Work instructions: Pictures should be excluded; otherwise, copy every entry exactly.

Information provided:
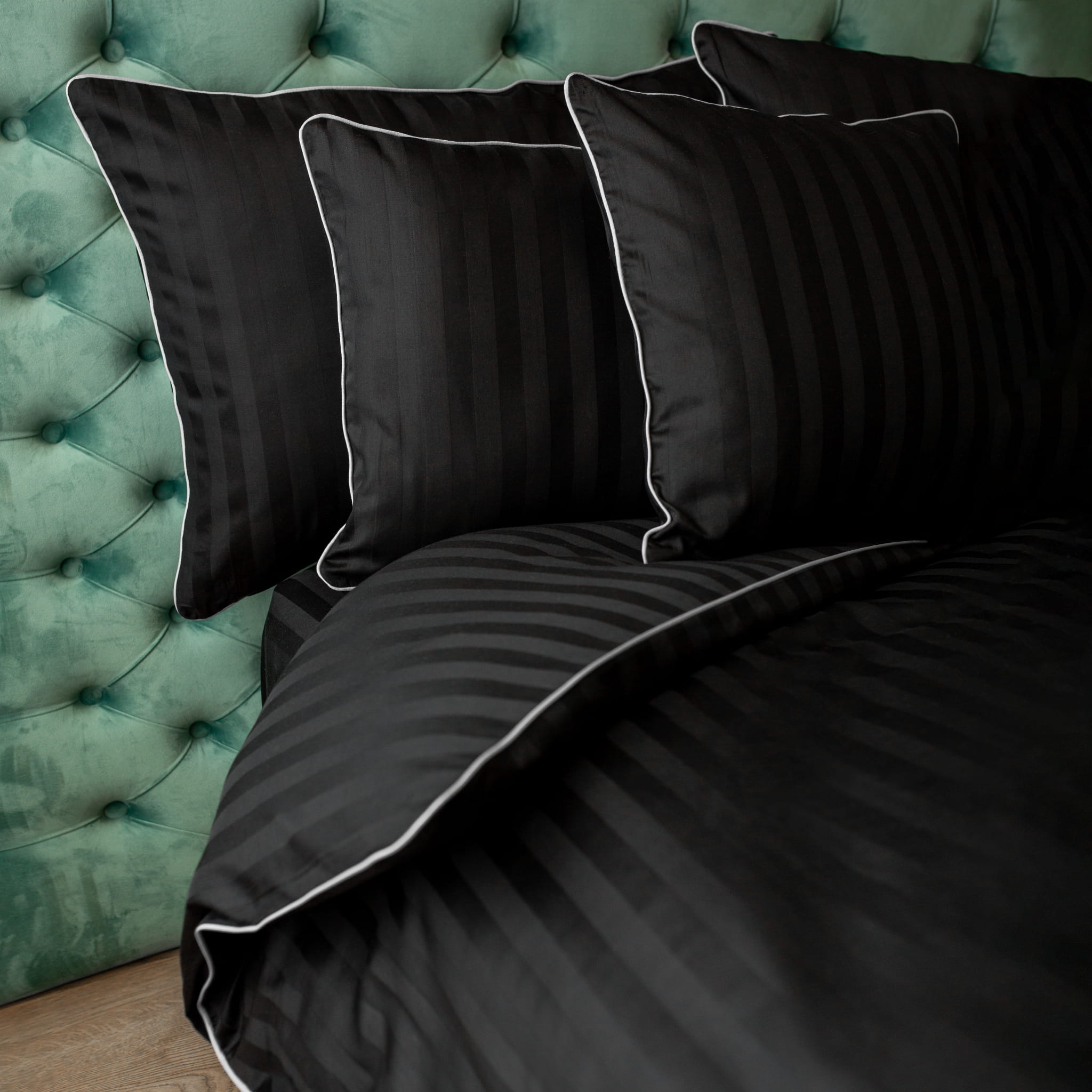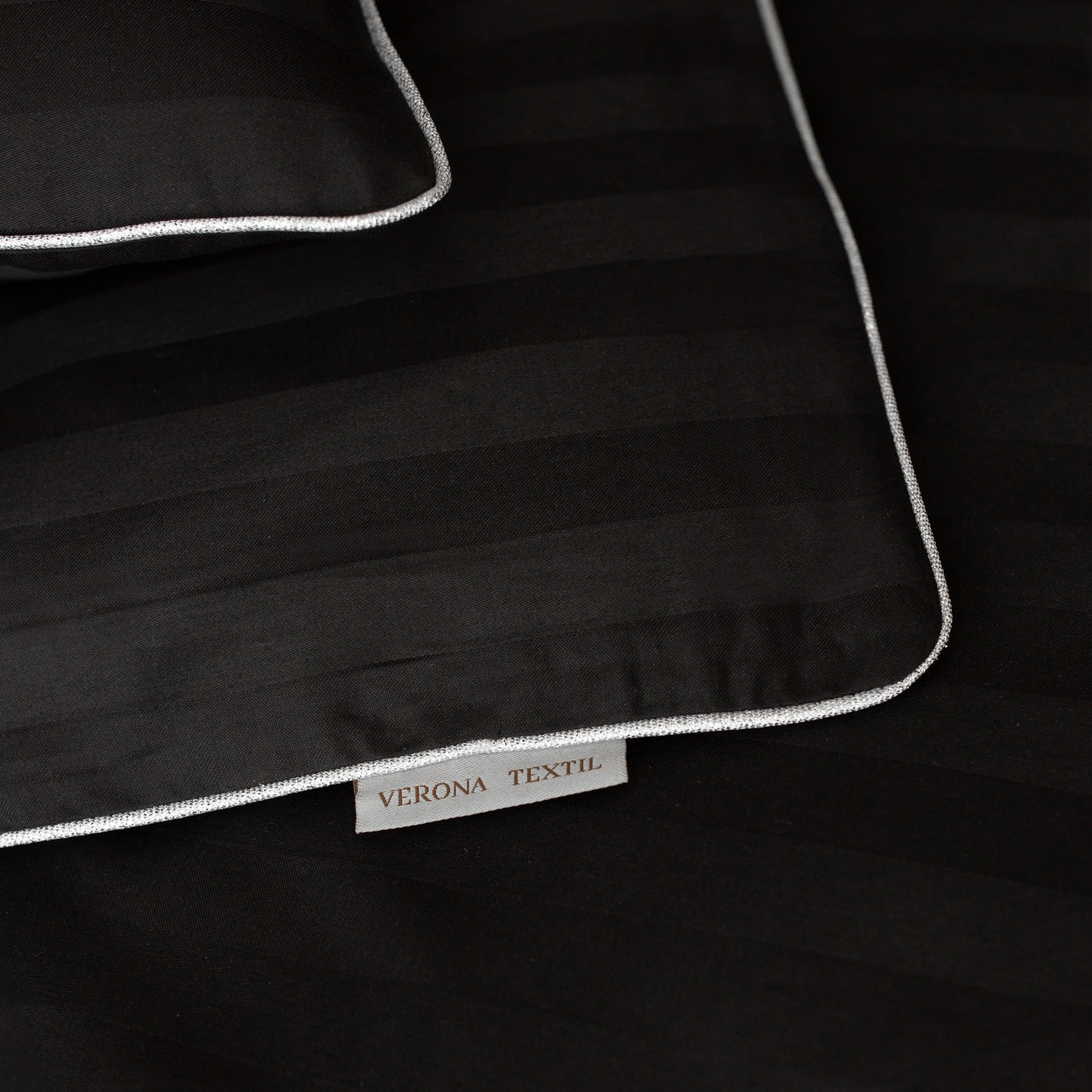 Komplet czarnej pościeli bambusowej ze srebrną lamówką szyty z największą starannością przez nasze doświadczone krawcowe.
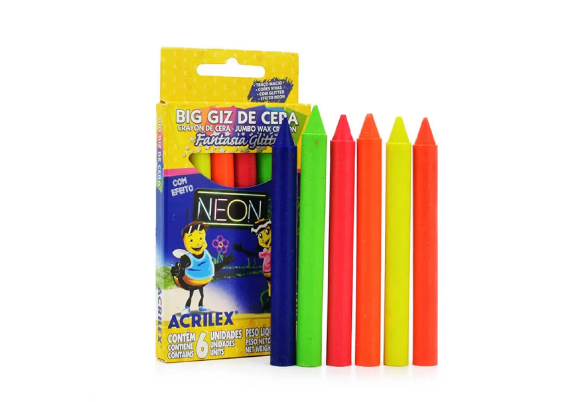 GIZ DE CERA BIG NEON GLITTER ACRILEX C/6
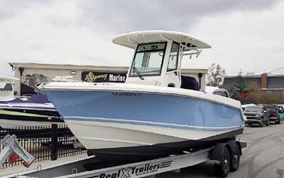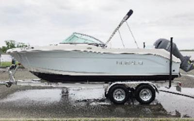 150 HP Yamaha with 1132 hrs, Includes trailer. Package includes canvas top, DF/FF, VF radio, AM/FM stereo, windlass anchor, swim platform and more $35,590(c48705)
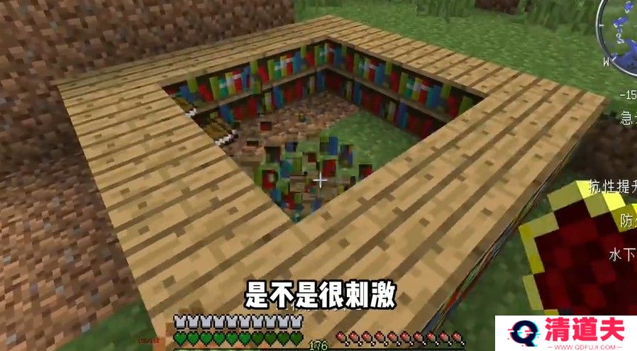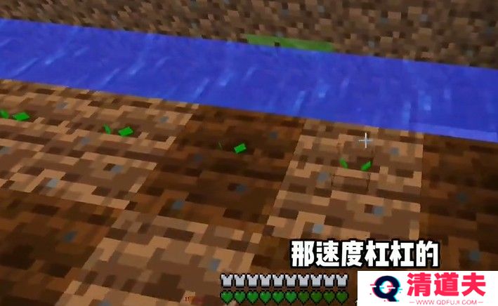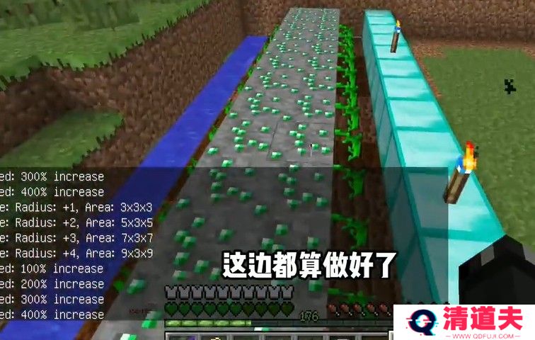 10、接着我们拿上钻石把这一圈都围上,然后在附魔台我们做出绿宝石麦种,种在我们锄好的地上面。
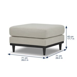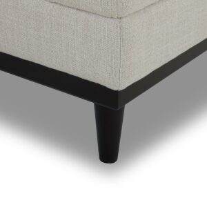 You deserve to put your feet up on the Better Homes & Gardens Modern Fabric Ottoman with a chic black finish on the minimalist base and solid wood tapered legs. The clean lines of this rectangular ottoman bring a calming comfort to any space. The ottoman, finely tailored with matching stitching, is covered in the inviting, natural-colored Elfie Linen, an easy-to-clean and family-friendly performance fabric. Simple stains come out easily with just water and blotting, while tougher stains are removed with household cleaner. Both the fabric and the ottoman offer trouble-free, enduring quality with solid hardwood construction and reinforced joints, along with premium high-density foam and a heavy no-sag suspension construction system. Get started relaxing with no delay: assembly is easy and fast by simply attaching the legs to the base of the modern ottoman.
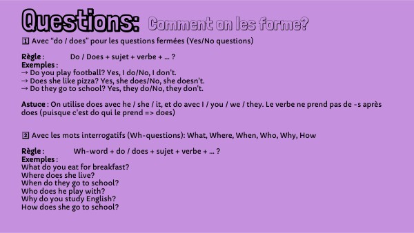1️⃣ Avec “do / does” pour les questions fermées (Yes/No questions) Règle : Do / Does + sujet + verbe + … ? Exemples : → Do you play football? Yes, I do/No, I don't. → Does she like pizza? Yes, she does/No, she doesn't. → Do they go to school? Yes, they do/No, they don't. Astuce : On utilise does avec he / she / it, et do avec I / you / we / they. Le verbe ne prend pas de -s après does (puisque c'est do qui le prend => does)
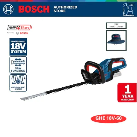 BOSCH Brushless Hedge Cutter / Pemotong Tanaman Baterai 18Volt GHE 18V-60 (Unit Only) - GHE 18V-60 ONLY
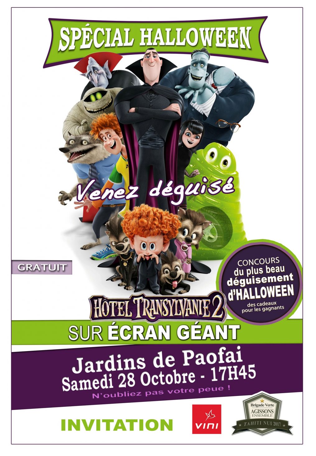 La Brigade Verte en partenariat avec Vini, organise une projection gratuite du film « Hôtel Transylvanie 2 » le samedi 28 octobre 2017 à partir de 17h45 dans les Jardins du parc Paofai. Pour cette dernière manifestation de l’année 2017, plusieurs animations éco citoyenne seront au programme ainsi qu’un concours du plus beau déguisement Halloween réaliser avec des objets du quotidien. Alors faites appel à votre imagination et votre créativité pour confectionner le plus effrayant des costumes Halloween !
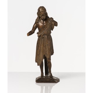 Saint Jean-Baptiste en noyer sculpté en ronde-bosse. Debout, il ...
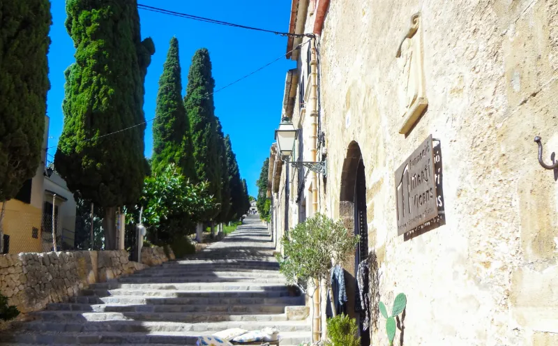 Firstly via the typical island villages of Son Carrió and Sant Llorenc, with the 13th century church of Santa Maria del Bellver, through the picturesque hinterland of the island. Beautifully laid out paths lead to Artà. Numerous alleyways lead up the hill on which the small town was built. From the pilgrimage church of Sant Salvador, you can enjoy
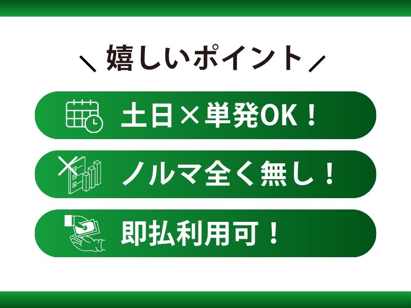 ・この求人は紹介でのご案内となります。紹介の求人は、紹介先の会社が雇用主となり、紹介先からの指揮命令を受けて勤務します。給与支払いは紹介先より行われます。なお、紹介先の会社が即払いサービスを利用している場合は、即払いサービスでの利用が可能です。詳しくはトップページのメニューより『派遣・請負・紹介について』をご覧ください。

Exercise response:
 Komplet czarnej pościeli bambusowej ze srebrną lamówką szyty z największą starannością przez nasze doświadczone krawcowe.
 GIZ DE CERA BIG NEON GLITTER ACRILEX C/6
 150 HP Yamaha with 1132 hrs, Includes trailer. Package includes canvas top, DF/FF, VF radio, AM/FM stereo, windlass anchor, swim platform and more $35,590(c48705)
 10、接着我们拿上钻石把这一圈都围上,然后在附魔台我们做出绿宝石麦种,种在我们锄好的地上面。
 You deserve to put your feet up on the Better Homes & Gardens Modern Fabric Ottoman with a chic black finish on the minimalist base and solid wood tapered legs. The clean lines of this rectangular ottoman bring a calming comfort to any space. The ottoman, finely tailored with matching stitching, is covered in the inviting, natural-colored Elfie Linen, an easy-to-clean and family-friendly performance fabric. Simple stains come out easily with just water and blotting, while tougher stains are removed with household cleaner. Both the fabric and the ottoman offer trouble-free, enduring quality with solid hardwood construction and reinforced joints, along with premium high-density foam and a heavy no-sag suspension construction system. Get started relaxing with no delay: assembly is easy and fast by simply attaching the legs to the base of the modern ottoman.
1️⃣ Avec “do / does” pour les questions fermées (Yes/No questions) Règle : Do / Does + sujet + verbe + … ? Exemples : → Do you play football? Yes, I do/No, I don't. → Does she like pizza? Yes, she does/No, she doesn't. → Do they go to school? Yes, they do/No, they don't. Astuce : On utilise does avec he / she / it, et do avec I / you / we / they. Le verbe ne prend pas de -s après does (puisque c'est do qui le prend => does)
 BOSCH Brushless Hedge Cutter / Pemotong Tanaman Baterai 18Volt GHE 18V-60 (Unit Only) - GHE 18V-60 ONLY
 La Brigade Verte en partenariat avec Vini, organise une projection gratuite du film « Hôtel Transylvanie 2 » le samedi 28 octobre 2017 à partir de 17h45 dans les Jardins du parc Paofai. Pour cette dernière manifestation de l’année 2017, plusieurs animations éco citoyenne seront au programme ainsi qu’un concours du plus beau déguisement Halloween réaliser avec des objets du quotidien. Alors faites appel à votre imagination et votre créativité pour confectionner le plus effrayant des costumes Halloween !
 Saint Jean-Baptiste en noyer sculpté en ronde-bosse. Debout, il ...
 Firstly via the typical island villages of Son Carrió and Sant Llorenc, with the 13th century church of Santa Maria del Bellver, through the picturesque hinterland of the island. Beautifully laid out paths lead to Artà. Numerous alleyways lead up the hill on which the small town was built. From the pilgrimage church of Sant Salvador, you can enjoy
 ・この求人は紹介でのご案内となります。紹介の求人は、紹介先の会社が雇用主となり、紹介先からの指揮命令を受けて勤務します。給与支払いは紹介先より行われます。なお、紹介先の会社が即払いサービスを利用している場合は、即払いサービスでの利用が可能です。詳しくはトップページのメニューより『派遣・請負・紹介について』をご覧ください。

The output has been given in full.